Long-Term Holders Drive Bitcoin Scarcity
Bitcoin’s long-term holders are now absorbing newly issued supply at a pace significantly higher than miner issuance. New on-chain data shows that the 30-day supply change among long-term holders has surged far above the current monthly issuance rate.
This difference indicates the existence of supply-side pressure in the market because long-term traders are making strong demand. Issuance is now at about 27,000 BTC every month after the halving event.
But long-term holders are putting considerably more than that amount into their wallets. This continuous activity decreases tradable volume and provides a basis for price rise.
Long-term holders are now absorbing BTC over 55 times faster than what miners are issuing each month. This is the sign of a conviction-driven demand, when market players would rather want to hold than sell.
Such persistent accumulation is seen as a bullish long-term signal. In addition to on-chain metrics, historical price trends also favor Bitcoin in the current month.
July Delivers 71% Win Rate for Bitcoin as Retail Wallets Join Accumulation Trend
July is one of the strongest months for Bitcoin performance. From 2012 to 2025, the month has delivered positive returns in 10 out of 14 years. That amounts to a 71% success rate.
This includes a 41.03% gain in July 2012 and a 23.34% increase in July 2021. More recent data confirms that July 2025 has already shown positive movement, with a 10.24% increase.

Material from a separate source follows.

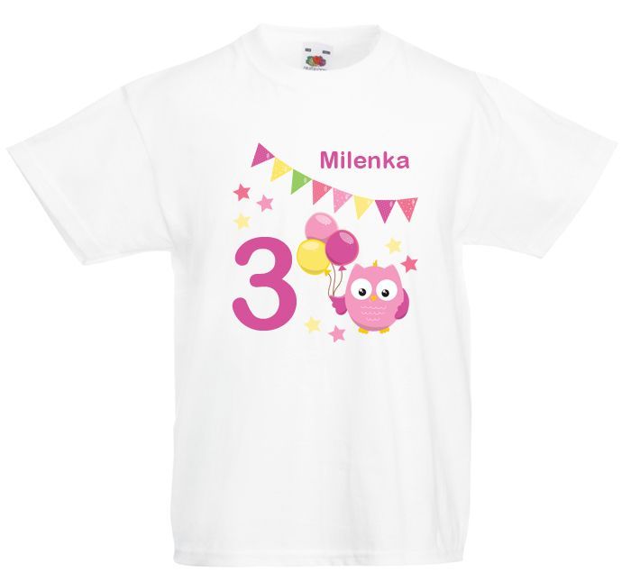 Koszulka trzy latka urodzinowe sówki z imieniem na urodziny. Podaj imię w zakładce "Personalizuj"

The tenth month is even higher than July in terms of profit consistency. In the last 14 years, there has been a high percentage of positive returns experienced in October. This implies that the fourth quarter could also continue with the bullish mode, provided market conditions are good.
Like long-term holders, retail-sized Bitcoin wallets are also absorbing more BTC than miners are issuing each month, indicating stronger grassroots accumulation. According to new on-chain data, wallets holding less than 100 BTC (classified as Shrimps, Crabs, and Fish) are collectively accumulating around 19,300 BTC per month.
Retail and Institutional Buys Intensify BTC’s Supply Tightening
In comparison, monthly Bitcoin issuance from miners stands at only 13,400 BTC. This trend means that smaller holders are absorbing all newly mined Bitcoin and more.
This is creating measurable supply-side tightening in the market. The data indicates that the number of BTC that this class of investors is buying is approximately 6,000 more than the amount created by miners.
This change is one of the major signs of the increasing belief by retail investors. Hence, this continuing net intake could lead to strains on the available supply.
With the reduction in issuance after the halving, an upward price pressure is likely to take place. Meanwhile, institutional demand for Bitcoin keeps increasing.
On July 11, Bitcoin spot ETFs had a net inflow of $1.03 billion. This was the seventh consecutive day of net inflows of positive inflows. This daily demand shows that institutions are increasingly investing more capital into BTC, establishing it as a long-term asset.
There is also a consistent inflow of capital in Ethereum ETFs. The same day as their BTC counterparts, they registered net inflows of $205 million. This marked six days of inflows in a row by ETH-related spot funds.
Corporate Buy Reaches All-Time High on Q2 2025
The continued popularity of both ETFs shows that mainstream investors are putting more confidence in crypto-derivative financial products. On one side, retail holders are absorbing BTC directly from the open market.
On the other hand, institutions are acquiring large quantities through ETF channels. Both flows are reducing the available supply on exchanges and in circulation.
The current monthly retail accumulation rate now exceeds miner supply by nearly 44%. This supply effect may change when there’s a sudden increase in demand.
In the meantime, the rate of Bitcoin treasury acquisitions is growing historically fast, and Q2 2025 witnessed the greatest single-quarter acquisition in history. 152,800 BTC was purchased within this quarter alone.
Early quarters from Q3 2020 to Q2 2025 show steady but modest growth. However, accumulation begins to rise noticeably in 2023 and continues upward.
But Q2 2025 breaks all previous records by a wide margin. With corporate demand surging and issuance declining post-halving, the market is entering a new phase of aggressive accumulation.